La littérature propose de nombreux articles traitant de l’analyse des caractéristiques histologiques et moléculaires des méningiomes de grade II. Tant sur le plan diagnostique que pronostique. Le Ki67 n’apparaît toujours pas dans la dernière classification OMS comme un critère permettant de classer les méningiomes en différents grades, car les articles
recherchant ce lien n’ont jamais montré de lien fort et reproductible entre ces éléments. VJ. Amatya(75) retrouvait pourtant en 2001 sur 27 méningiomes atypiques comparés à 146 méningiomes, un lien dans l’expression du Ki67 et de la protéine p53 selon le grade tumoral, avec une valeur moyenne du Ki67 à 8,1%. En 2007(20), un article avec une faible puissance statistique semblait retrouver un lien entre le taux de récurrence, la survie et la valeur du Ki67. Au final, la plus grosse série évaluant ce lien entre Ki67 et grade tumoral(76) (78 patients sur 300 porteurs de méningiome) ne retrouve pas de lien significatif entre la valeur du Ki67 et le grade. Avec pour le grade II une valeur moyenne à 9,57+/-‐ 7,43. Le Ki67 semble en revanche plus élevé chez les méningiomes de grade II secondaires par rapport aux primaires (p=0,036)(77).
Le rôle des métaloprotéases, ces enzymes impliquées dans la dégradation de la matrice extra cellulaire, dans le devenir de ces méningiomes a été recherché. Notamment les métaloprotéases de type 2 et 9 (MMP-‐2 et MMP-‐9). Ets-‐1 est un facteur de transcription pour ces métaloprotéases. Il a été retrouvé un lien entre l’expression de Ets-‐1 et celle de MMP-‐2 et 9, en fonction du grade tumoral. Celui-‐ci est augmenté dans les grades II et III(78). Une action sur MMP-‐2 a même été proposée comme potentielle cible thérapeutique(79).
D’autres éléments du diagnostic histologique ont été proposés sans jamais pouvoir jusque-‐là démontrer un lien fort. C’est le cas de l’ostéopontine(80), de la caspase-‐3(81) dont la dérégulation dans la synthèse proviendrait de mutation des histones(82). Il n’est en revanche pas retrouvé de lien entre la survie des patients et l’expression de ces protéines. D’autres associations ont été mises en évidence en analyse multivariée entre la récurrence des grades II après résection et l’expression des protéines p16, Cycline Dependent Kinase 6 (CDK6) et phosphorylated retinoblastoma (pRB).
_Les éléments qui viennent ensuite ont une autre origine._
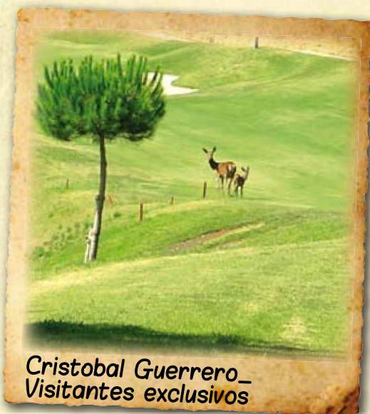
Cristobal Guerrero_ Visitantes exclusivos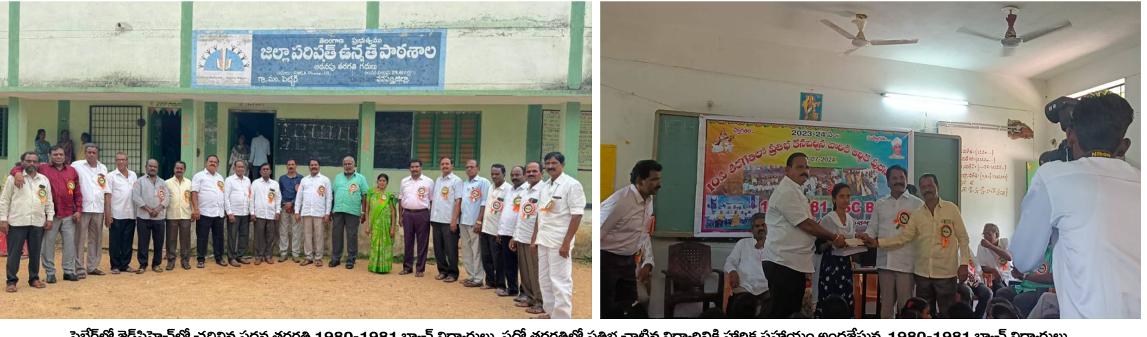
పెద్దెలో జైవహార్లో చదివిన పదవ తరగతి 1980-1981 బ్యాచ్ విద్యార్థులు, పదో తరగతిలో ప్రతిభ చావిన విద్యార్థినికీ హార్దిక సహాయం అందజేస్తున్న 1980-1981 బ్యాచ్ విద్యార్థులు

తెలిపారు. జిల్లాలోని బ్యాంకులు, సహకార శాఖ ద్వారా రైతులకు నేరుగా వారి ఖాతాలలో రుణమాఫీ సొమ్ము జమవుతుందని అన్నారు. గ్రామ, మండల, జిల్లా స్థాయిలలో వ్యవసాయ శాఖ బ్యాంకులతో కలిసి కమిటీలను ఏర్పాటు చేస్తామని అన్నారు.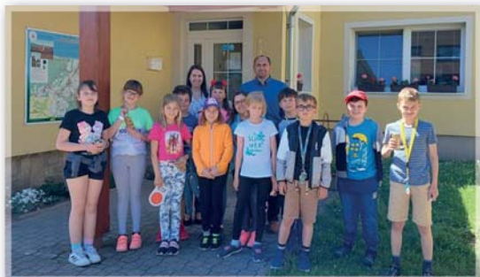
Projekt „Obec a sudoměřický kraj“ – 3. ročník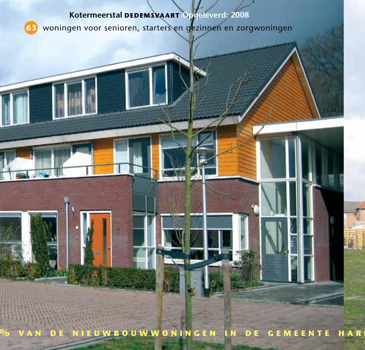
Kotermeerstal DEDEMSVAART Opgeleverd: 2008

24 seniorenwoningen met ontmoetingsruimte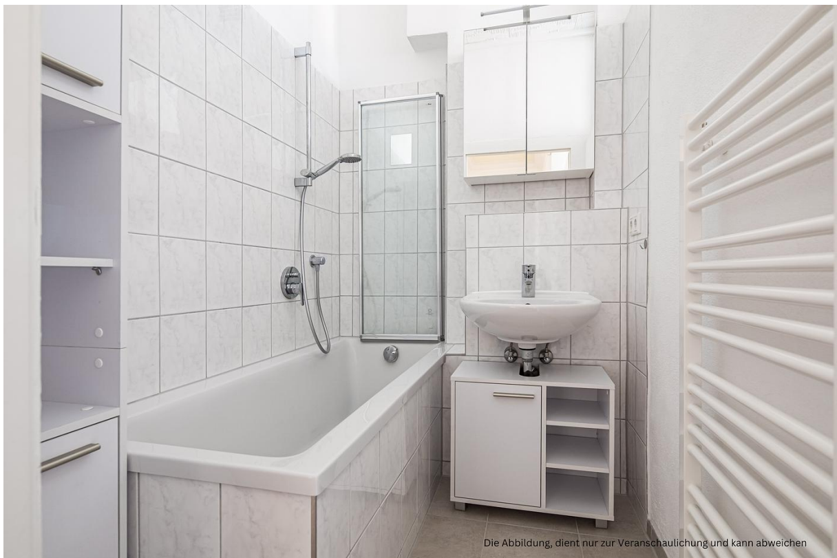
Die Abbildung, dient nur zur Veranschaulichung und kann abweichen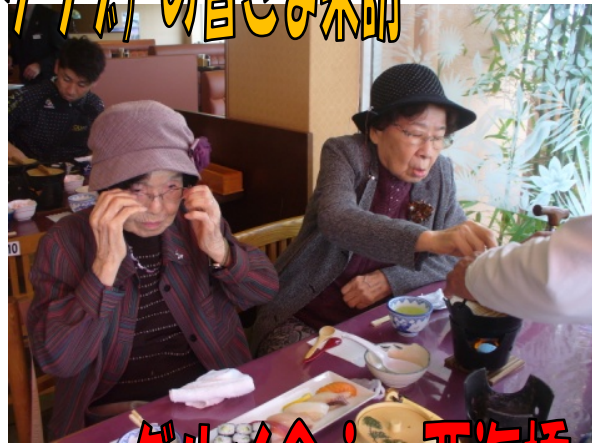
グルメ会 in 西海橋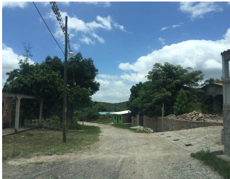
FINAL DE CALLE A REPARAR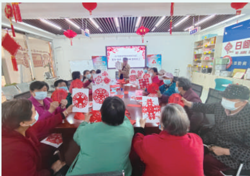
社区普法剪纸活动。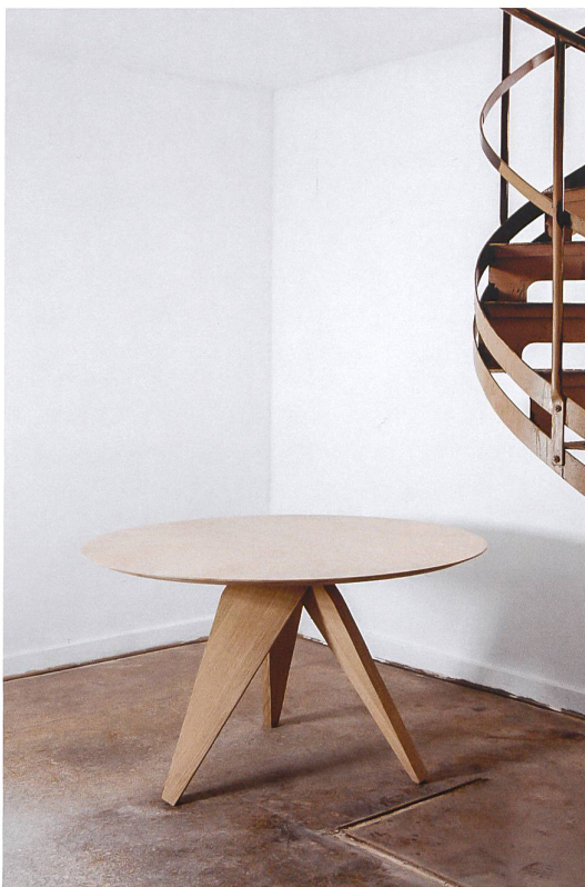
Noch ein runder Tisch, 2013, legno di quercia. Edition By Moyard.

La lampada, creata con LifeGoods per la galleria Ormond, è stata esposta a Colonia e presentata nel corso della rassegna ticinese per il design «Artificio». Ha ottenuto un ottimo riscontro dalla critica assicurandosi pubblicazioni in alcune tra le più importanti riviste del settore.

Enfin, l’analyse génétique de ces méningiomes de grade II retrouve essentiellement une perte du bras court du chromosome 1 (1p) et du bras long du chromosome 22 (22q), prédictif de ce grade mais pas de la survie des patients, ni de leur récidive(21). Un gain du bras long du chromosome 1 (1q) semble lui corrélé à une plus courte survie sans progression(28). Dans une série de 2005, Y. Liu(83) montre sur une cohorte de 19 grades II, un profil de méthylation aberrante de l’ADN de ces grades II et III(84). Récemment, il n’a pas été retrouvé de lien particulier de lien entre la codélétion 1p/19q pour le grading de ces méningiomes(85), cette codélétion ayant elle, un rôle pronostique et diagnostique dans les tumeurs gliales de l’adulte.